France | France, Cour administrative d'appel de Nantes, 2ème chambre, 09 octobre 2020, 20NT00417


Vu la procédure suivante :

Procédure contentieuse antérieure :

M. F... B... a demandé au tribunal administratif de Nantes d'annuler les décisions par lesquelles la commission de recours contre les décisions de refus de visa d'entrée en France a rejeté le recours formé contre la décision du 21 décembre 2018 des autorités consulaires françaises en Centrafrique refusant de délivrer à Mme E... I... et à la jeune G... L... D... des visas de long séjour au titre de la réunification familiale, d'abord implicitement, puis par une décision explicite du 29 mars 2019.>
Par un jugement n° 1903842 et 1905684 du 26 septembre 2019, le tribunal adminis...
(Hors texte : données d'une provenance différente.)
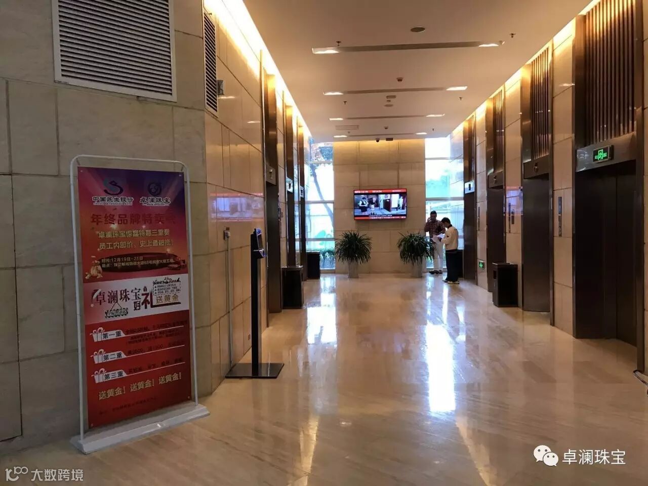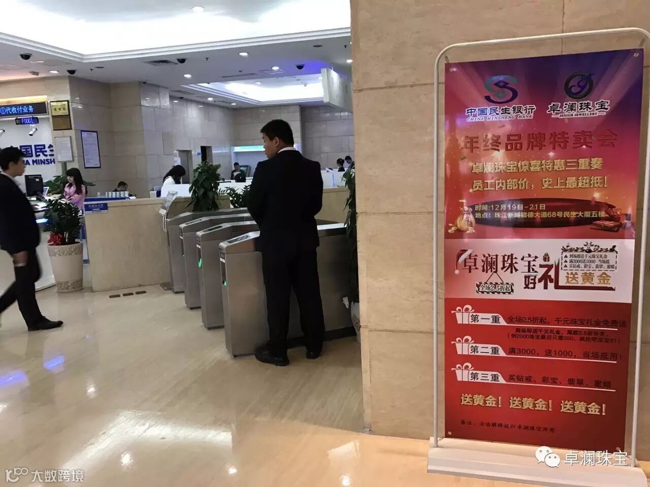 品牌特卖会期间,进入民生银行总行营业部的大堂,即可看到醒目的卓澜珠宝品牌宣传。
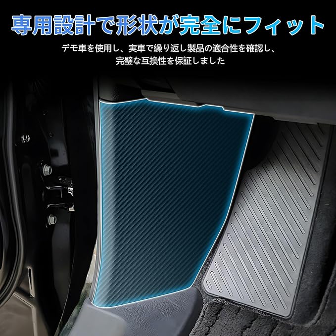 乗降時の擦り傷や汚れをしっかり防止。高耐久PVCレザーと3Dカーボン調デザインを採用し、耐摩耗・防水でお手入れ簡単。
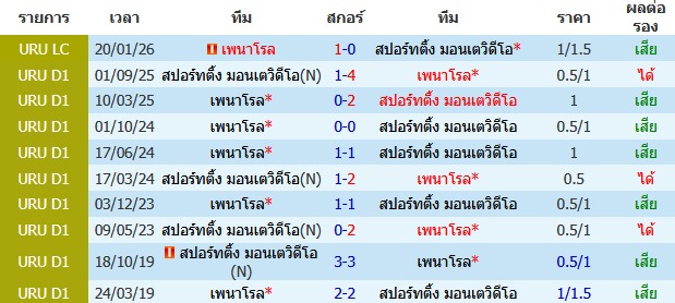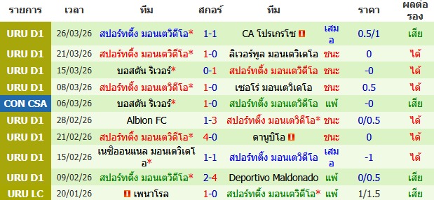 ผลงาน 10 นัดหลังสุดของทีม สปอร์ติ้ง มอนเตวิดีโอ
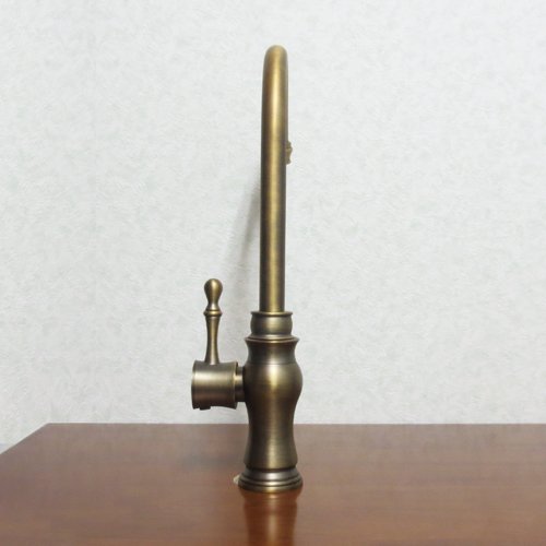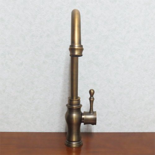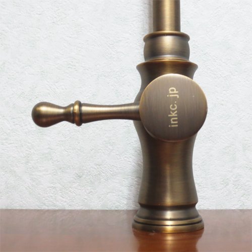 洗面水栓 蛇口 水栓金具 単水栓 シングルレバーハンドル(スパウト可動式) トールタイプ ブロンズ(古銅) [奥行19.5×吐水口高26cm] INK-0302038G
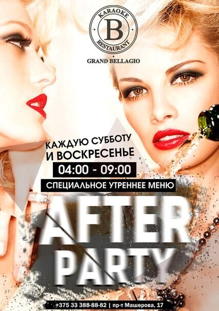 Поскольку ресторан Grand Bellagio работает круглосуточно и семь дней в неделю: в ночь с пятницы на субботу и с субботы на воскресенье с 4 утра начинается формат afterparty. Для гостей ресторана играют самые трендовые ди-джеи,а так же все угощаются специальным суповым меню.
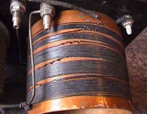 Im folgenden Bild die Spule von innen; man erkennt sehr schön die Abgriffe der Spule.
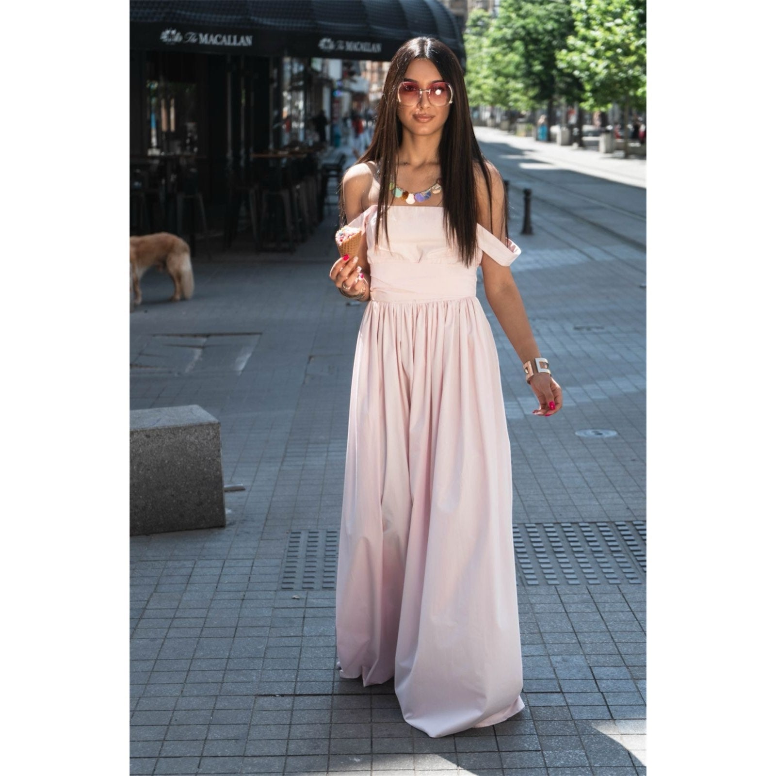 Силуетът е мек, но изваян – подчертана талия, свободна дължина, голи рамене, които говорят повече от думи.
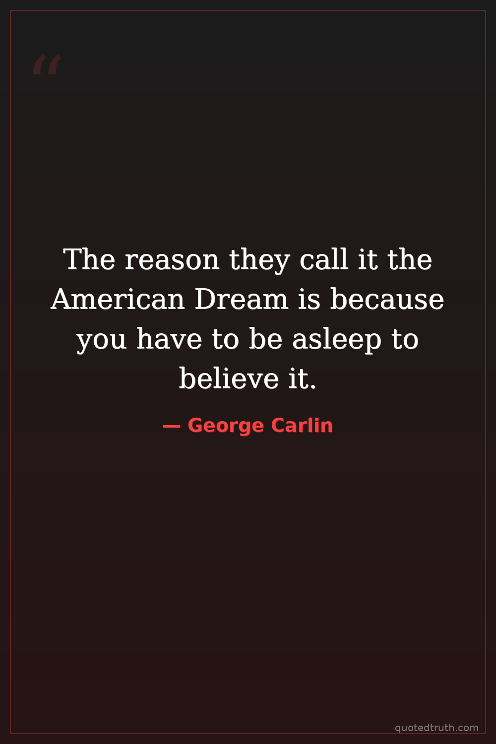The reason they call it the American Dream is because you have to be asleep to believe it.
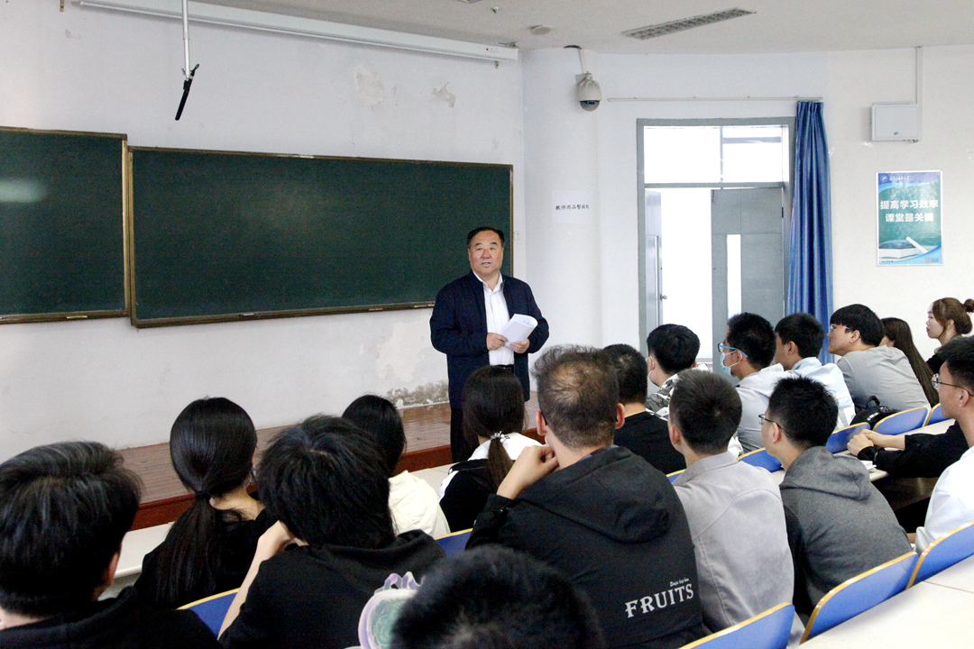 为切实推动“三全育人”工作体系建设,9月25日下午,校党委书记刘志彧来到新城校区第四教学楼第一报告厅,走进2007so太阳集团2019级化学工程与工艺(1)班的《马克思主义基本原理概论》课堂,与联系班级同学们一起听课并在课下进行了亲切交流。
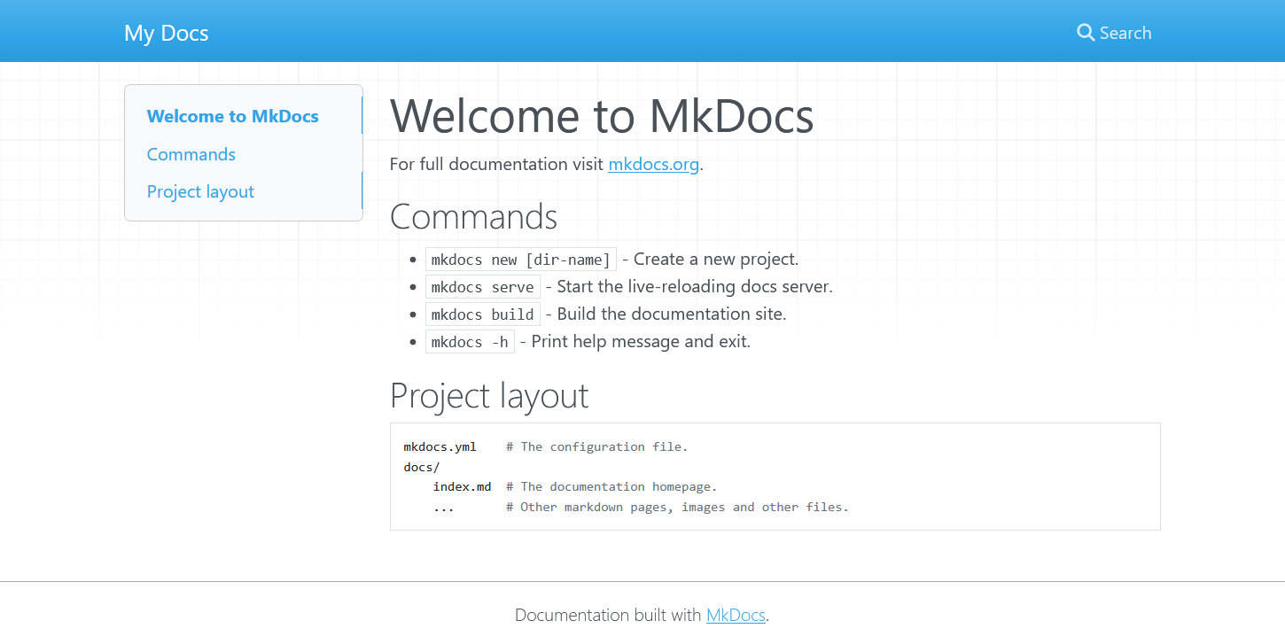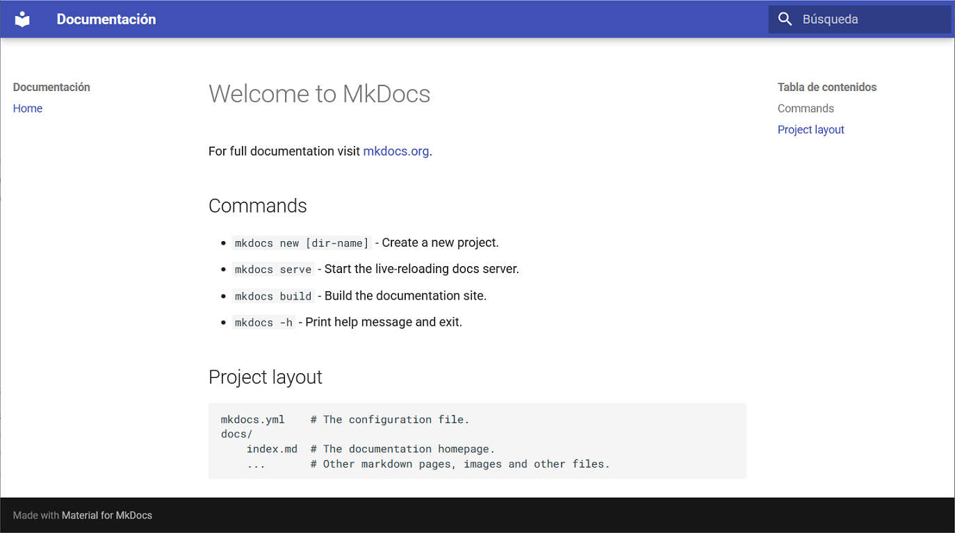 13. Con esto, ya tendrias instalado la librería mkdocs en un entorno virtual y creado el proyecto para empezar a editar tu propia documentación, porfolio, o lo que quieras de forma local.
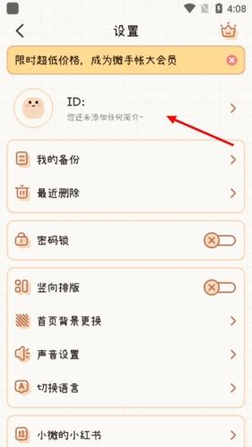 1、在设置页面点击ID头像栏,也就是之前登录的相同地方。

Vu la procédure suivante :

Procédure contentieuse antérieure :

M. F... B... a demandé au tribunal administratif de Nantes d'annuler les décisions par lesquelles la commission de recours contre les décisions de refus de visa d'entrée en France a rejeté le recours formé contre la décision du 21 décembre 2018 des autorités consulaires françaises en Centrafrique refusant de délivrer à Mme E... I... et à la jeune G... L... D... des visas de long séjour au titre de la réunification familiale, d'abord implicitement, puis par une décision explicite du 29 mars 2019.

Par un jugement n° 1903842 et 1905684 du 26 septembre 2019, le tribunal administratif de Nantes a rejeté ses demandes.

Procédure devant la cour :

Par une requête enregistrée le 6 février 2020, M. F... B..., représenté par Me H..., demande à la cour :

1°) d'annuler ce jugement du 25 septembre 2019 ;

2°) d'annuler la décision de la commission de recours contre les décisions de refus de visa d'entrée en France du 29 mars 2019 ;

3°) d'enjoindre au ministre de l'intérieur, à titre principal, de délivrer les visas sollicités pour Mme E... I... et G... Cécilia D... ou, subsidiairement, de procéder au réexamen des demandes de visa dans un délai d'un mois à compter de la notification de l'arrêt à intervenir sous astreinte de 100 euros par jour de retard ;

4°) de mettre à la charge de l'Etat une somme de 1 500 euros qui sera versée à Me H... en application des articles 37 de la loi du 10 juillet 1991 et L. 761-1 du code de justice administrative.

Il soutient que :

* la commission de recours contre les décisions de refus de visa d'entrée en France était irrégulièrement composée ;

* les articles L. 752-1 et L. 411-4 du code de l'entrée et du séjour des étrangers et du droit d'asile ont été méconnus ;

* une erreur manifeste a été commise dans l'appréciation de sa situation ;

* l'article 8 de la convention européenne de sauvegarde des droits de l'homme et des libertés fondamentales a été méconnu ;

* l'article 3-1 de la convention internationale des droits de l'enfant a été méconnu.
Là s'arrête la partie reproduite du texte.